**Action item**:
Hunt through the lines below for the string "rápidamente" and copy each one that has it.

***** Data

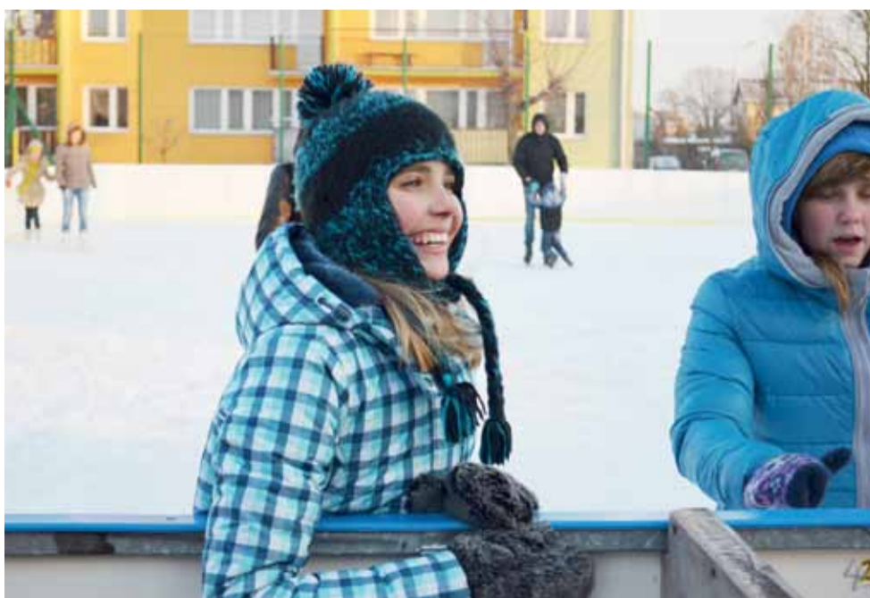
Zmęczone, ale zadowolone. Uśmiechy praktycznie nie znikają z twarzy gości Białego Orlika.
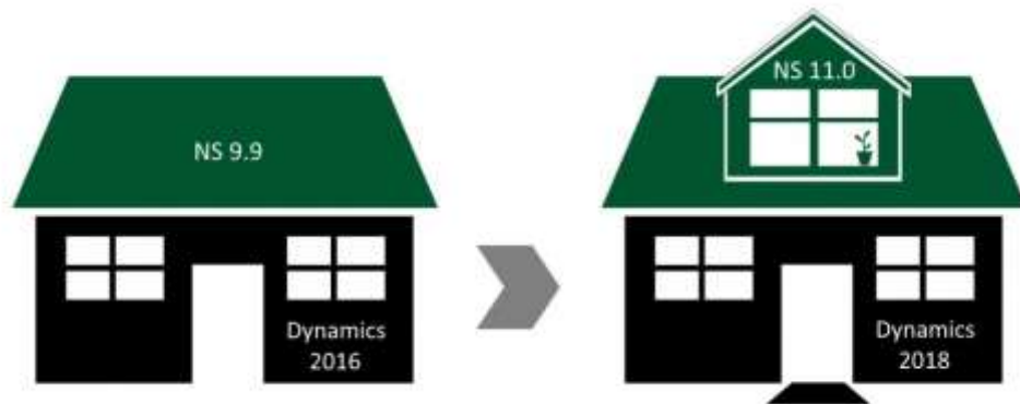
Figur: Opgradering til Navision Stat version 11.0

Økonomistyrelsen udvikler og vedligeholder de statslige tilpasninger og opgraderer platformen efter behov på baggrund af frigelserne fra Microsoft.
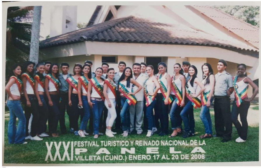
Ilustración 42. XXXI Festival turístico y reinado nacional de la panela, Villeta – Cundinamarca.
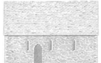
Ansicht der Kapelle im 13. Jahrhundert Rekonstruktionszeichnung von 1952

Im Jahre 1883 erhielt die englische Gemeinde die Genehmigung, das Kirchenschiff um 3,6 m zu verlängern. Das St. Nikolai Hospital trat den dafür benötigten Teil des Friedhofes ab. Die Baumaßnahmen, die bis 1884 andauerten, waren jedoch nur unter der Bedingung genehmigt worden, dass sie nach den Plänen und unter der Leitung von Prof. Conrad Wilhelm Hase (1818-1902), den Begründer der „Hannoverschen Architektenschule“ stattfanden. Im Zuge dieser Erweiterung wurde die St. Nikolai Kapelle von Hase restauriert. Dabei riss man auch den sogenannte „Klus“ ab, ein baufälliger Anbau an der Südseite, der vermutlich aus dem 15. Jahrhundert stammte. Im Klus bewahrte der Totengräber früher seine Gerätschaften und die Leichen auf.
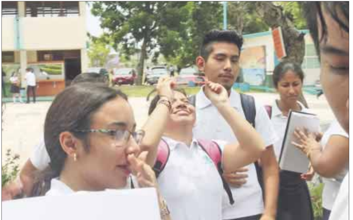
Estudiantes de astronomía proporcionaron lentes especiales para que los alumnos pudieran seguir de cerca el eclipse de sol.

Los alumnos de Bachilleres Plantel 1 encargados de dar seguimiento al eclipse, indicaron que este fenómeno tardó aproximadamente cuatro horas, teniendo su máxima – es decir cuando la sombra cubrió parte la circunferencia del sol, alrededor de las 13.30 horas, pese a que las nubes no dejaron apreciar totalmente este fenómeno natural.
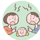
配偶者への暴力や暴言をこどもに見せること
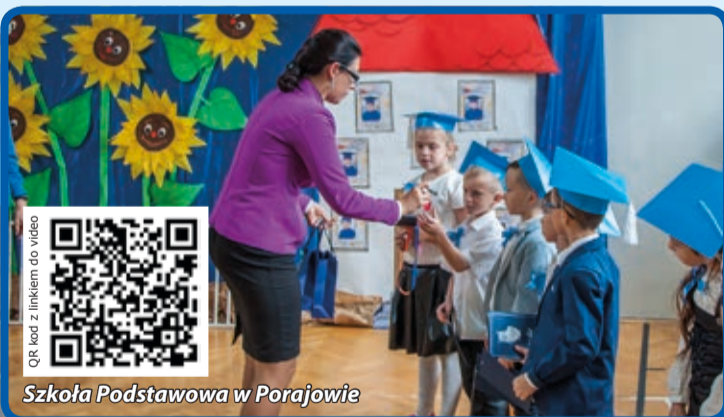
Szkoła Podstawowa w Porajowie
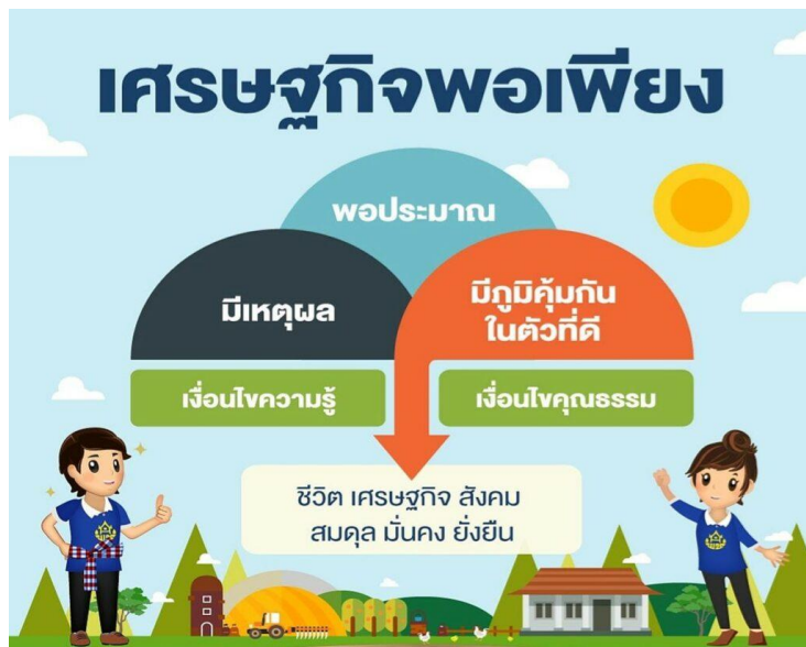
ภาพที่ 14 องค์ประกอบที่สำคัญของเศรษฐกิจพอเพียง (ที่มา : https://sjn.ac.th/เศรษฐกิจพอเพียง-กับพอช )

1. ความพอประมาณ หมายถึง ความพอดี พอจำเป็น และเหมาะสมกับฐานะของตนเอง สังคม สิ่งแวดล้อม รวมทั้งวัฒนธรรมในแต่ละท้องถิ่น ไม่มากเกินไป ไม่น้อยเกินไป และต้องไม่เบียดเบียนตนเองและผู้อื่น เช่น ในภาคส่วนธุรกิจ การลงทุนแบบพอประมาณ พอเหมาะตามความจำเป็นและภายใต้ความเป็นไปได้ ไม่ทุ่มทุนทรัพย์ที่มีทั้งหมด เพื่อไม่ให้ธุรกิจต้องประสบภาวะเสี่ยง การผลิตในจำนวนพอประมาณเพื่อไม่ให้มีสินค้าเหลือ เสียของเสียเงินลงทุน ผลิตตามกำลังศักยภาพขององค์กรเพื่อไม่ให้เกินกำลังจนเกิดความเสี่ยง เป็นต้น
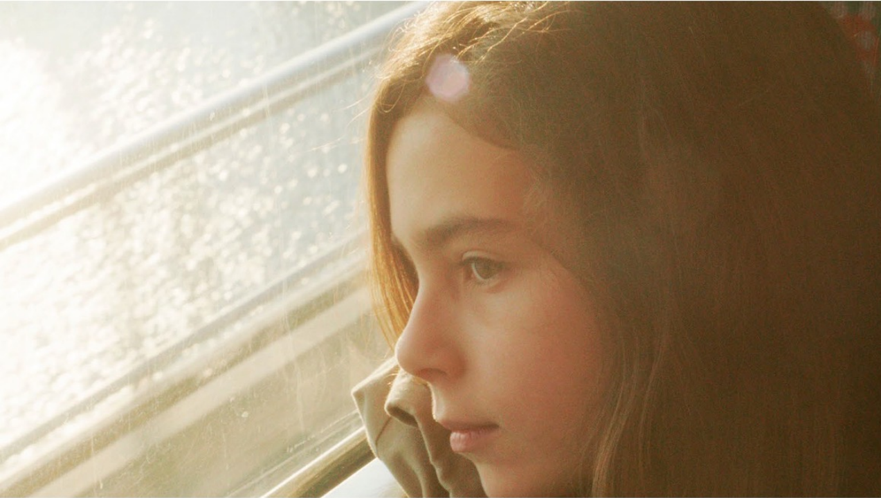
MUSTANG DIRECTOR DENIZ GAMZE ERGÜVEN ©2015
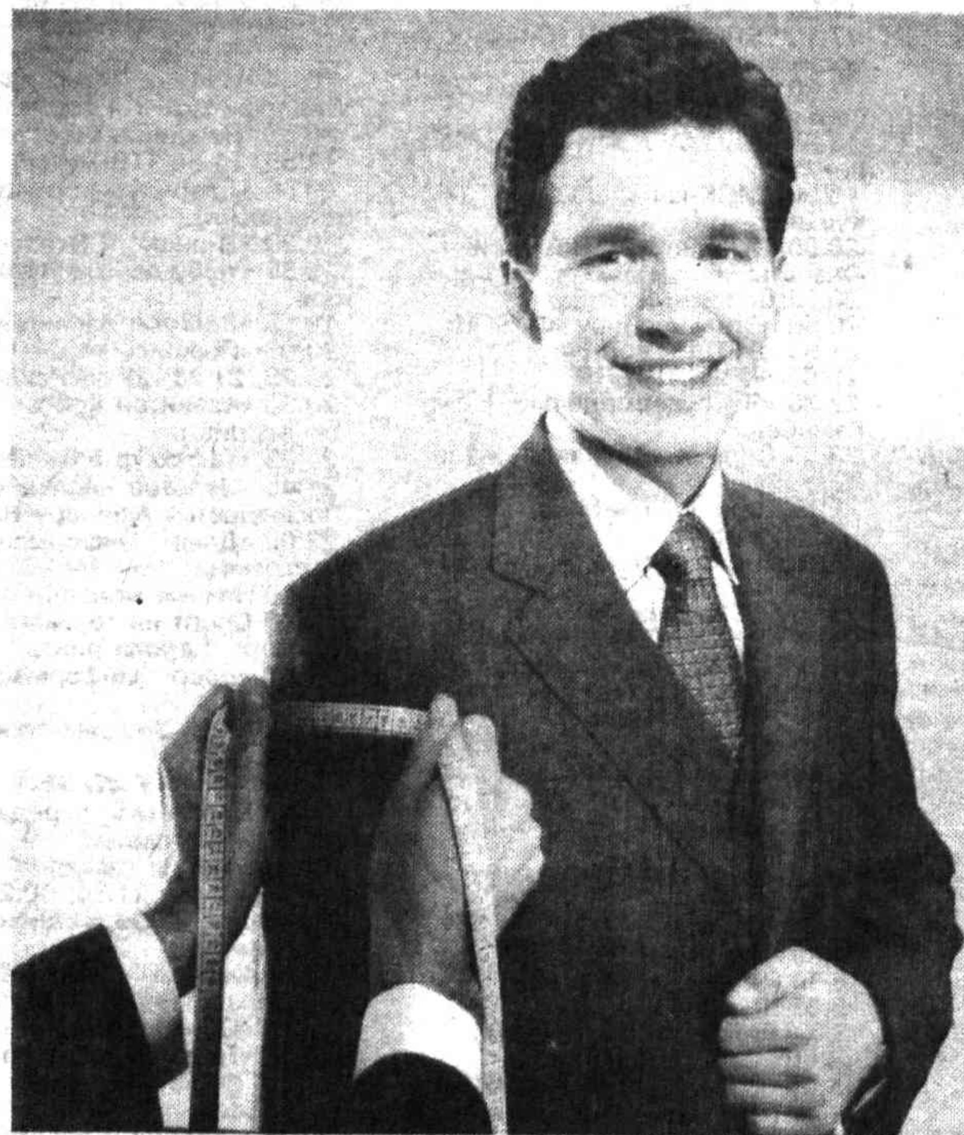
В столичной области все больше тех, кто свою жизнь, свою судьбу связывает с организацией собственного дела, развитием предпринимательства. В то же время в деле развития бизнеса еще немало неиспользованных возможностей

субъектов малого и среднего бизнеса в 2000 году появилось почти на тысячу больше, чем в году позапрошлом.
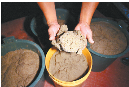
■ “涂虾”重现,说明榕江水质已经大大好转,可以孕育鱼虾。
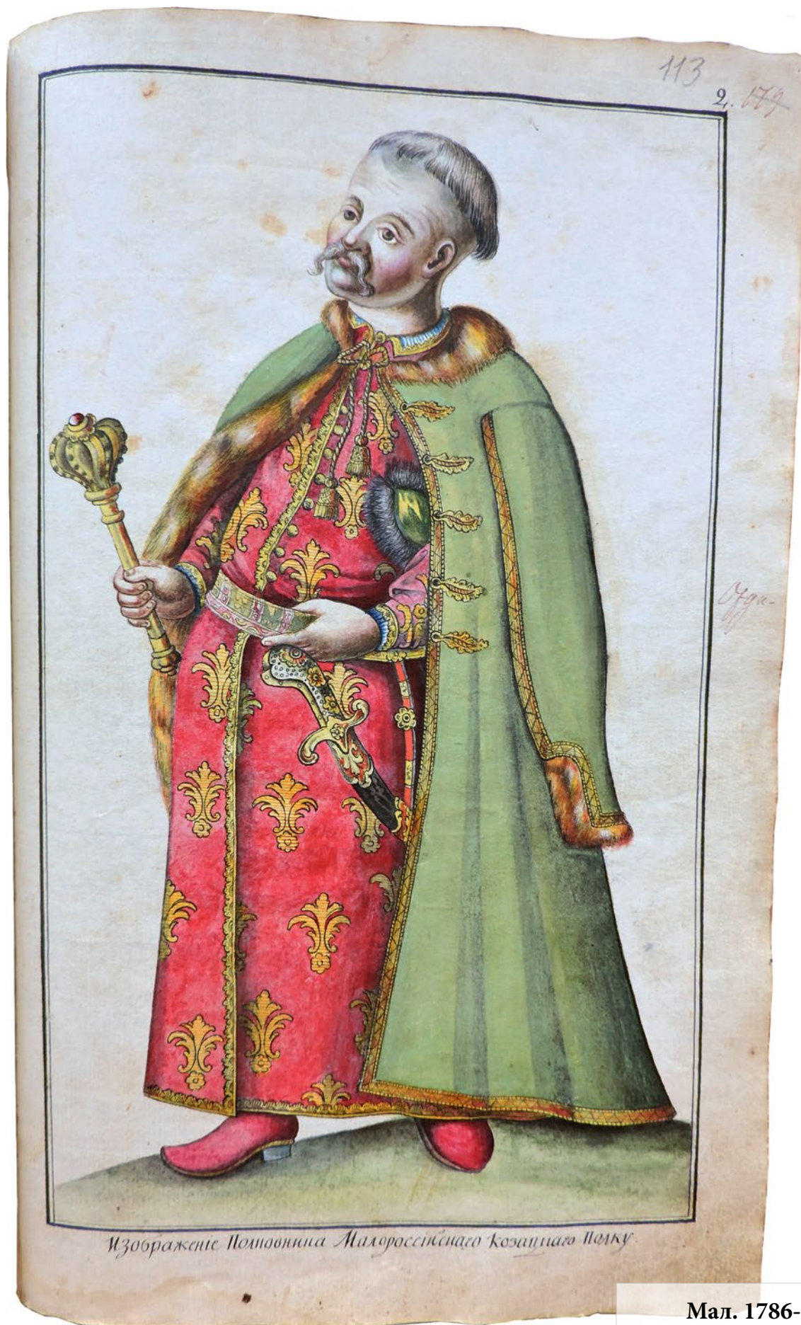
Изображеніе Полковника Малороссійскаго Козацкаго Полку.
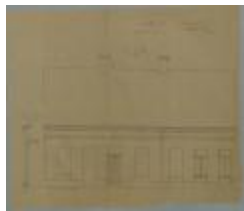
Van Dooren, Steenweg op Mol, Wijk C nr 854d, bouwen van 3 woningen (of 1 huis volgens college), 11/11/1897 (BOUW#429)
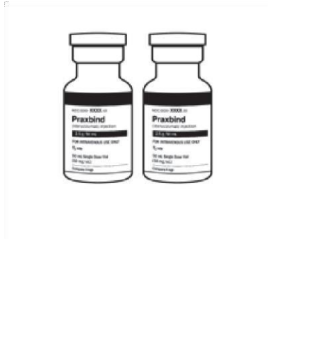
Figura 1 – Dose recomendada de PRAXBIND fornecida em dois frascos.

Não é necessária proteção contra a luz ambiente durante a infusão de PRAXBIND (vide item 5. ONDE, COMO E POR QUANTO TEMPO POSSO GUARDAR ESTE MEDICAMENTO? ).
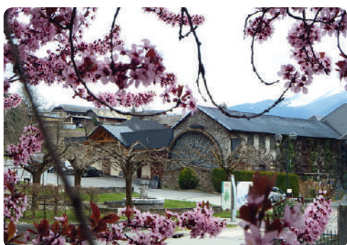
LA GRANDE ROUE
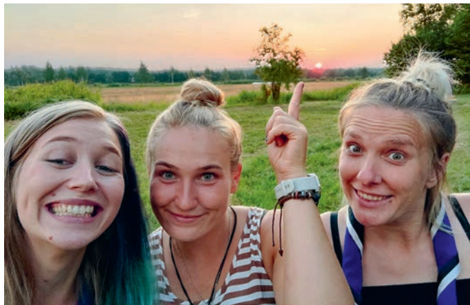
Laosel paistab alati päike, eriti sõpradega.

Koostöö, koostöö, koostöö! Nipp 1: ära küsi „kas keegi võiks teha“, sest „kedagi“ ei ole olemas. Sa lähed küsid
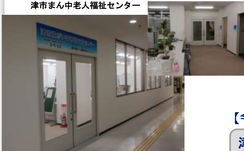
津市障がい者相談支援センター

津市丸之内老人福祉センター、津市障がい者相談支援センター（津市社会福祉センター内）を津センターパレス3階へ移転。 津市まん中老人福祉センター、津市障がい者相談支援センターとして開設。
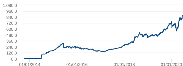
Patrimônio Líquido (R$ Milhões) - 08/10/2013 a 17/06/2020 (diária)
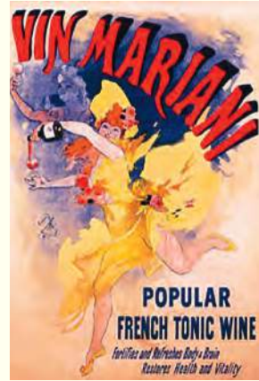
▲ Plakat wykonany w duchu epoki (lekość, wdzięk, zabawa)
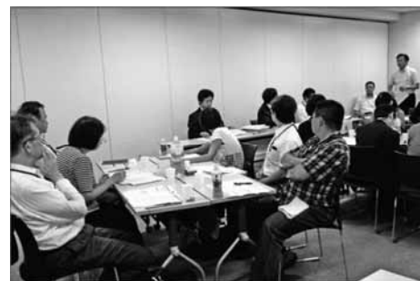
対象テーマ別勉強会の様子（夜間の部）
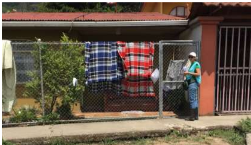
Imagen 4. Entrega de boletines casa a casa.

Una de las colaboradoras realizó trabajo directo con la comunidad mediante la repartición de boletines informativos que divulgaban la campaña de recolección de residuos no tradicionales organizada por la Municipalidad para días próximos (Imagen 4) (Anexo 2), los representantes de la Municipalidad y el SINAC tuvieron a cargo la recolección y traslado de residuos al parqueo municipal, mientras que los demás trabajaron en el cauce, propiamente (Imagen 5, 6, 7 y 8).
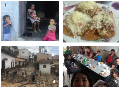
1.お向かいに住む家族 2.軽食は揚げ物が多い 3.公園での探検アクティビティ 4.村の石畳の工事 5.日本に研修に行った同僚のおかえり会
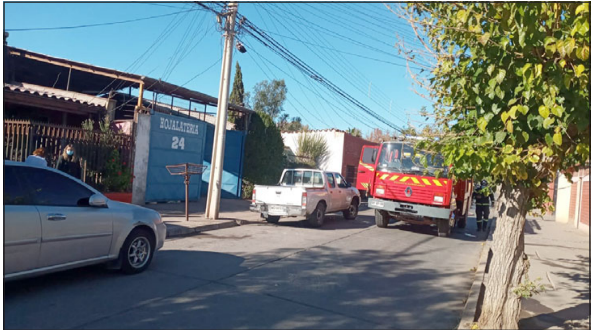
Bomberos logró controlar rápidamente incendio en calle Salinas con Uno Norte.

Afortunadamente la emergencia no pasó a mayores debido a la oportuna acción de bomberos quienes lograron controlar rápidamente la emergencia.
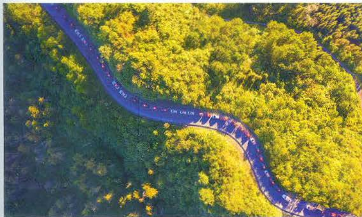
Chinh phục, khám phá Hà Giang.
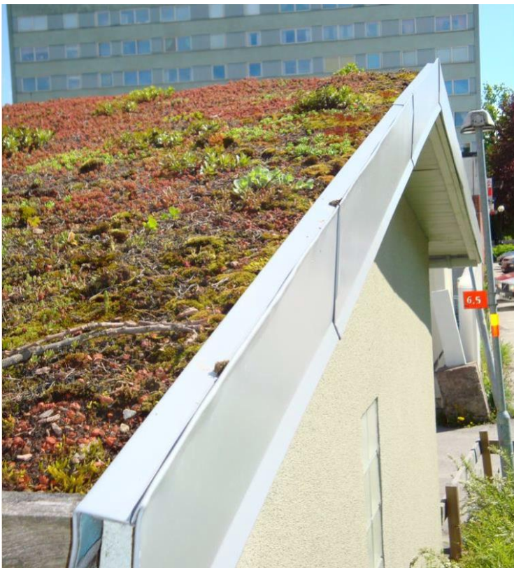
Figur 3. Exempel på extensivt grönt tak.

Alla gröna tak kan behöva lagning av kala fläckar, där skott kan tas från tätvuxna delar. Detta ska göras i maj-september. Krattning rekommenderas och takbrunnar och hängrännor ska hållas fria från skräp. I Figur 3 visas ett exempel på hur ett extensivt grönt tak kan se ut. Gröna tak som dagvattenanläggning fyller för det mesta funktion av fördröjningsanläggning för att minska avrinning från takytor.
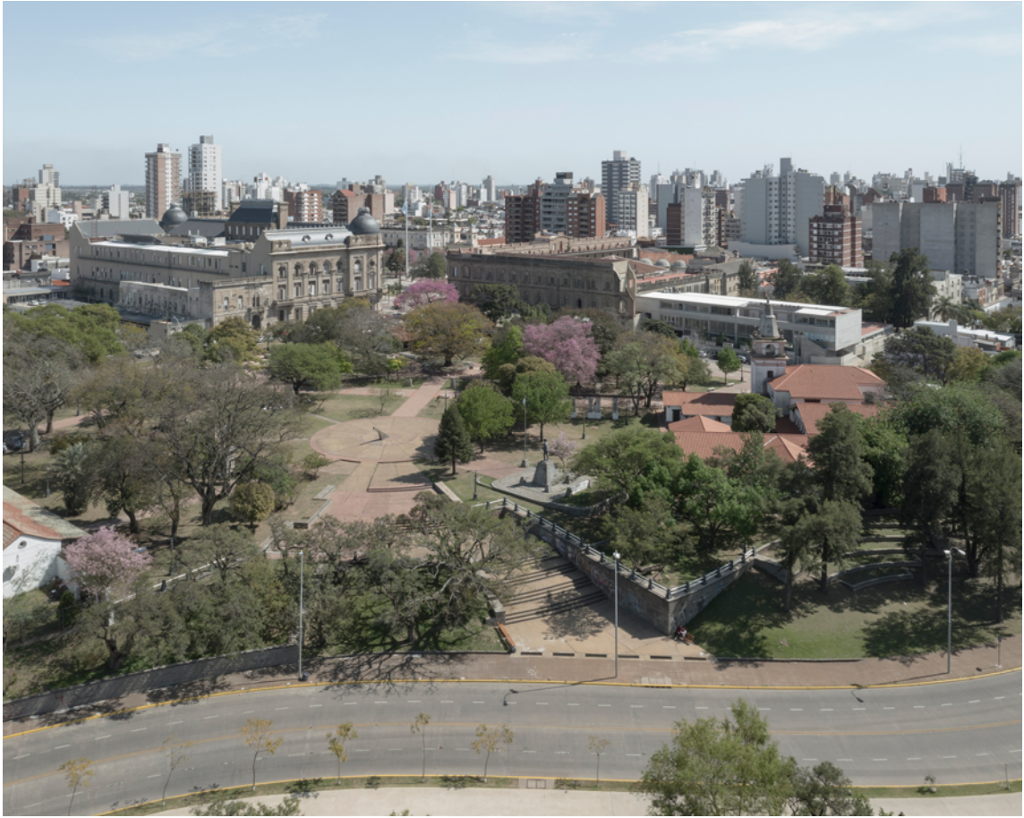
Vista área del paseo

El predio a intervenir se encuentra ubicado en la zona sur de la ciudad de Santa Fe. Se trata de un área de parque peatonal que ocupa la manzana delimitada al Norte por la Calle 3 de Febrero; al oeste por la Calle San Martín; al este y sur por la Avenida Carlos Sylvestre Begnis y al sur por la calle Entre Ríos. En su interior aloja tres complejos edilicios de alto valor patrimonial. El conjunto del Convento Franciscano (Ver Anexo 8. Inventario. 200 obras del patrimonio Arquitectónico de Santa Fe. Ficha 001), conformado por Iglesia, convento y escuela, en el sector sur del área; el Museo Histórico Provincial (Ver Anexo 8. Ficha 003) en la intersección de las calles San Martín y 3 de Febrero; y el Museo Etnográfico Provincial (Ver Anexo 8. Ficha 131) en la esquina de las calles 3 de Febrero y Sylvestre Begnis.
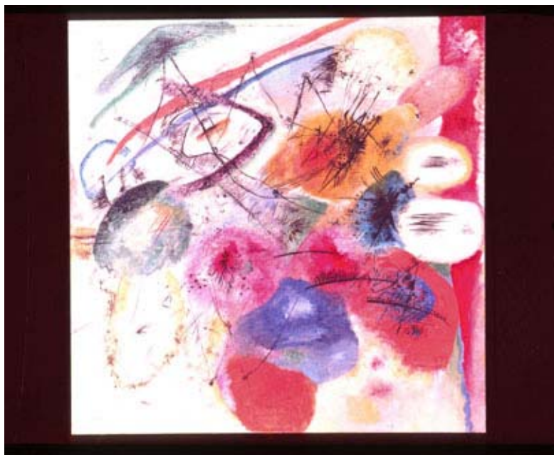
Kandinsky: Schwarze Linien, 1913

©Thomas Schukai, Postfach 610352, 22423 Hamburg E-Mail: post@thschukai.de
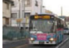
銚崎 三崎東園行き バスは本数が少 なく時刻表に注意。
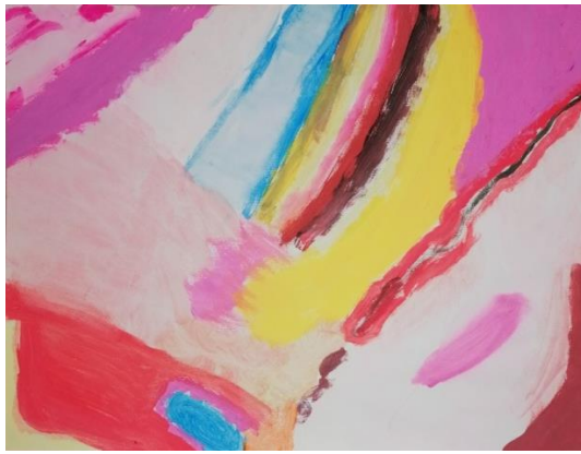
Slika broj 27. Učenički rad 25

**********

**Result for this task**:
Bomberos logró controlar rápidamente incendio en calle Salinas con Uno Norte.
Afortunadamente la emergencia no pasó a mayores debido a la oportuna acción de bomberos quienes lograron controlar rápidamente la emergencia.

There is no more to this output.